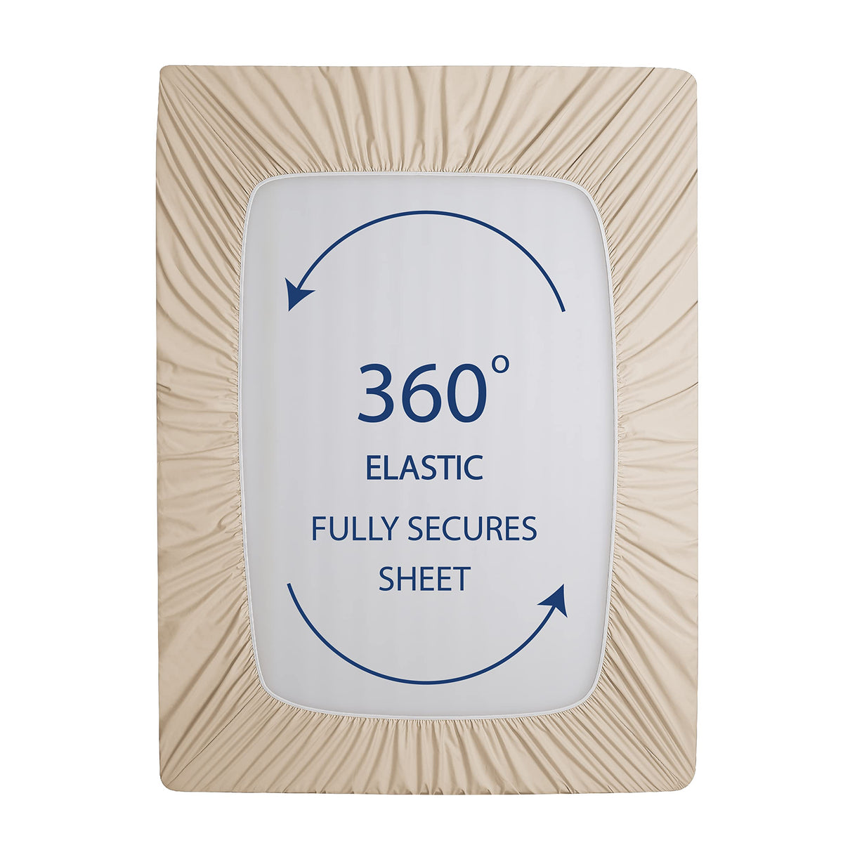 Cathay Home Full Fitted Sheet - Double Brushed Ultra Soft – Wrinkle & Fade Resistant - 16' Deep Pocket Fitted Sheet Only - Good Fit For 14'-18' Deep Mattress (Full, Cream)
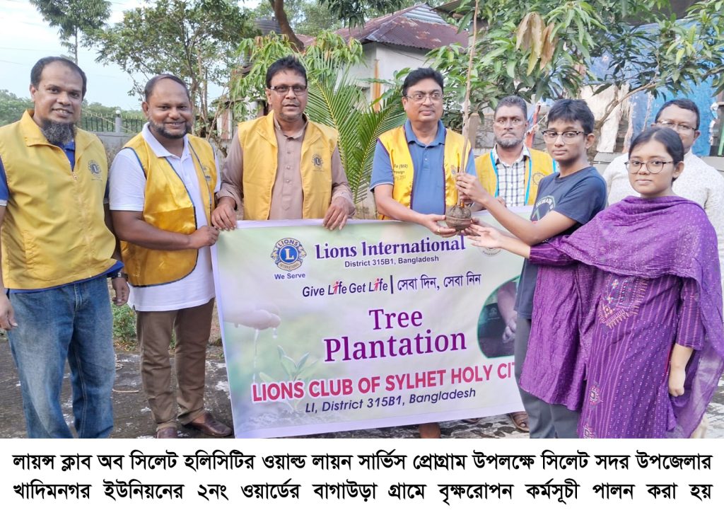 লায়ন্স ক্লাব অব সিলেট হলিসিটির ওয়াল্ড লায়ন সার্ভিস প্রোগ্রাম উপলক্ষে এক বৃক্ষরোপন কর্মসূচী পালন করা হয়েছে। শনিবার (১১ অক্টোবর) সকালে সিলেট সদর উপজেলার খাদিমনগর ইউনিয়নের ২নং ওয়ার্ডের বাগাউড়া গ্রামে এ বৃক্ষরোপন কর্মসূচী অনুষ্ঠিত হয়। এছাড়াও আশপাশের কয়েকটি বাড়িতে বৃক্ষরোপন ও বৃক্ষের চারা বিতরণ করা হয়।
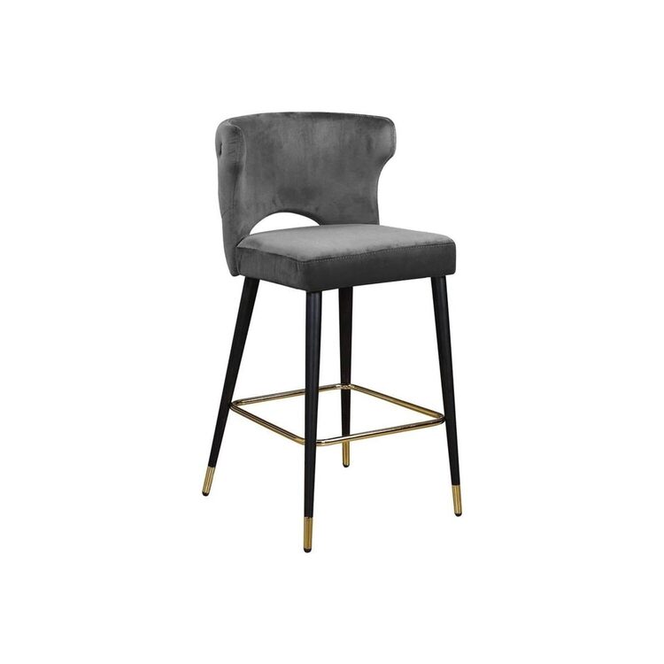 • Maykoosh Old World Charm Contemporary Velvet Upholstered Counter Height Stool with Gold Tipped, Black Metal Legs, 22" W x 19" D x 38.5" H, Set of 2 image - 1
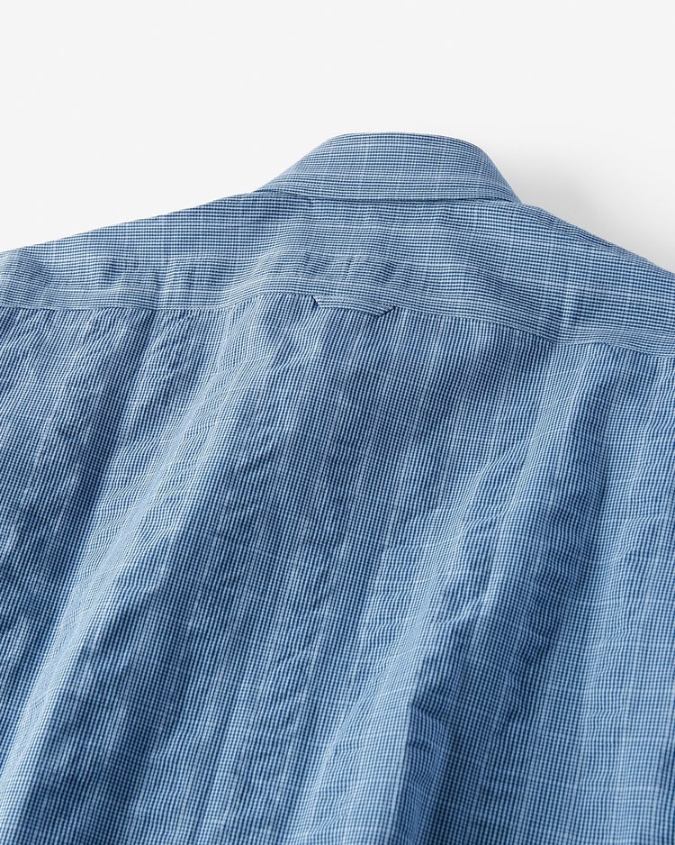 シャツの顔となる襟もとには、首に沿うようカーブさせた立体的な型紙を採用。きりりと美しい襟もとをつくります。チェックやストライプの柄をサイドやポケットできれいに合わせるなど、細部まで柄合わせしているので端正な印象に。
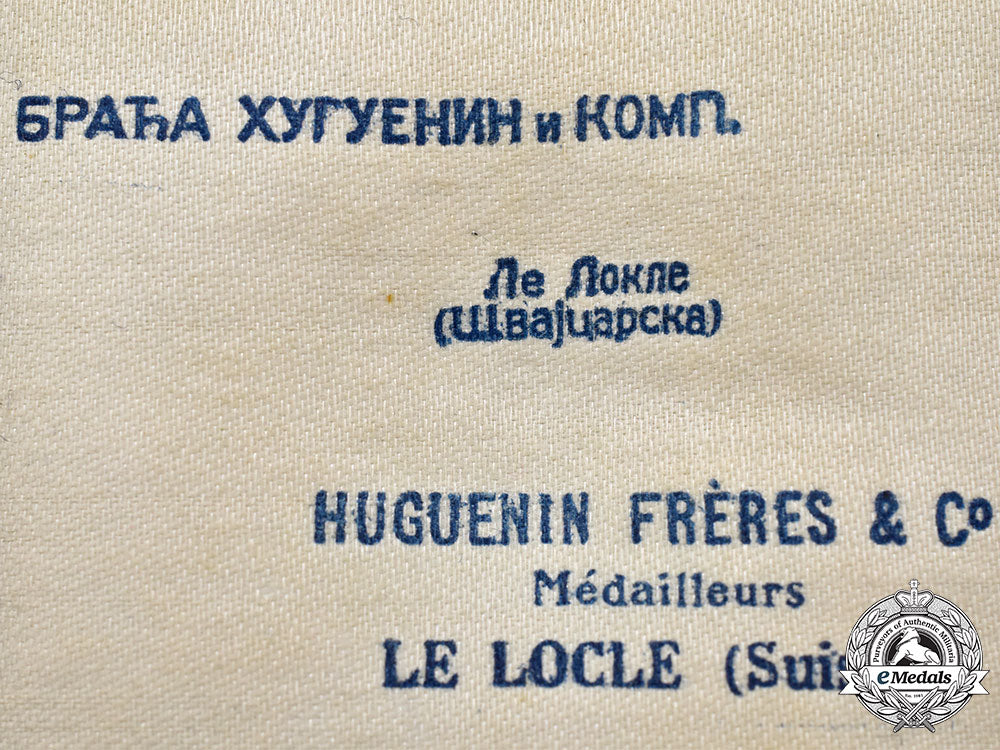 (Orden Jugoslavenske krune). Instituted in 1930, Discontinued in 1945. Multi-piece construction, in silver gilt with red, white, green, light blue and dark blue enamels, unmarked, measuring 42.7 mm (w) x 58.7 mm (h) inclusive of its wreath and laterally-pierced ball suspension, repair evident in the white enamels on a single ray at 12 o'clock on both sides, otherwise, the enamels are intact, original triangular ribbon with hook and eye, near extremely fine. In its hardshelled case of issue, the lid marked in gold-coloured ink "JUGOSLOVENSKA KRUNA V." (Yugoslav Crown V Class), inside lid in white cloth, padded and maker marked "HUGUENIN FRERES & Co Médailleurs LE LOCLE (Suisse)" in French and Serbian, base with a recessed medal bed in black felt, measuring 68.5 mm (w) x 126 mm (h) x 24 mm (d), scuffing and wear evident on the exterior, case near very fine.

═══

With the pictures removed from your copy, retype the lines above from the one that contains "2 image - 1" through the one that contains "シャツの顔となる襟もとには、", exactly.

 • Maykoosh Old World Charm Contemporary Velvet Upholstered Counter Height Stool with Gold Tipped, Black Metal Legs, 22" W x 19" D x 38.5" H, Set of 2 image - 1
 シャツの顔となる襟もとには、首に沿うようカーブさせた立体的な型紙を採用。きりりと美しい襟もとをつくります。チェックやストライプの柄をサイドやポケットできれいに合わせるなど、細部まで柄合わせしているので端正な印象に。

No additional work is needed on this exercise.